Z powodu ostrzału wojsk rosyjskich elektrownia jądrowa w Zaporożu jest całkowicie pozbawiona zasilania. Paliwo do pracy generatorów diesla w trybie całkowitego odłączenia ZNPP pozostawia się na 15 dni. O tym Zgłoszone serwis prasowy NNEGC „Energoatom”.
Według ministerstwa 2 listopada w wyniku ostrzału uszkodzone zostały dwie ostatnie linie komunikacyjne wysokonapięciowej elektrowni jądrowej w Zaporożu z ukraińskim systemem elektroenergetycznym. O 23:04 stacja przełączyła się w tryb całkowitego wyłączenia zasilania. Włączono wszystkie 20 generatorów diesla.

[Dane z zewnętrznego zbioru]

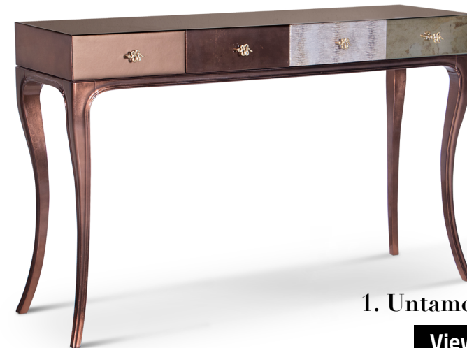
1. Untamed | Console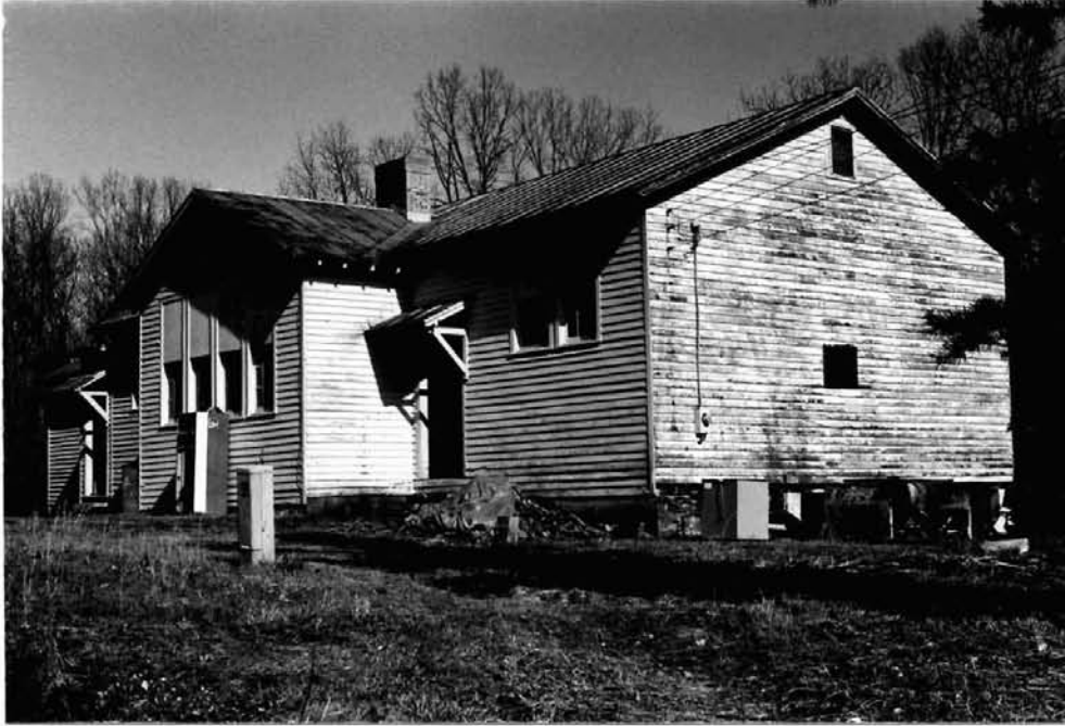
Figure 61 Dunbar School (DHR 32-290) Lindsay Nolting

Obecnie zoptymalizowany jest schemat zaspokajania potrzeb własnych ZNPP, w eksploatacji pozostaje 9 generatorów diesla. Bloki energetyczne nr 5 i 6 są przekształcane w stan zimny.
Paliwo do pracy generatorów diesla w trybie całkowitego odłączenia ZNPP pozostawia się na 15 dni. Odliczanie się rozpoczęło – podkreślił Energoatom.
„Ze względu na okupację stacji i ingerencję przedstawicieli Rosatomu w jej prace, zdolność strony ukraińskiej do utrzymania ZNPP w reżimie bezpieczeństwa jest znacznie ograniczona” – podkreślił NNEGC.
Ministerstwo po raz kolejny zaapelowało do społeczności międzynarodowej o „natychmiastowe podjęcie działań na rzecz szybkiej demilitaryzacji ZNPP, wycofania wszystkich wojsk rosyjskich z terytorium stacji i miasta Enerhodar oraz przywrócenia elektrowni jądrowej w Zaporożu pod pełną kontrolę Ukrainy w imię bezpieczeństwa całego świata”.
Przypomnijmy, że Rosjanie zajęli ZNPP 4 marca. Sytuacja w ZNPP jest w centrum uwagi od początku sierpnia, kiedy rosyjskie wojsko rozpoczęło ostrzał stacji. Rosja odrzuca wezwania do demilitaryzacji elektrowni atomowej pod pretekstem, że powinna „chronić” ją przed prowokacjami i oskarża o ostrzał Ukrainy. Ukraina straciła ponad 28 mld hrywien z powodu okupacji ZNPP.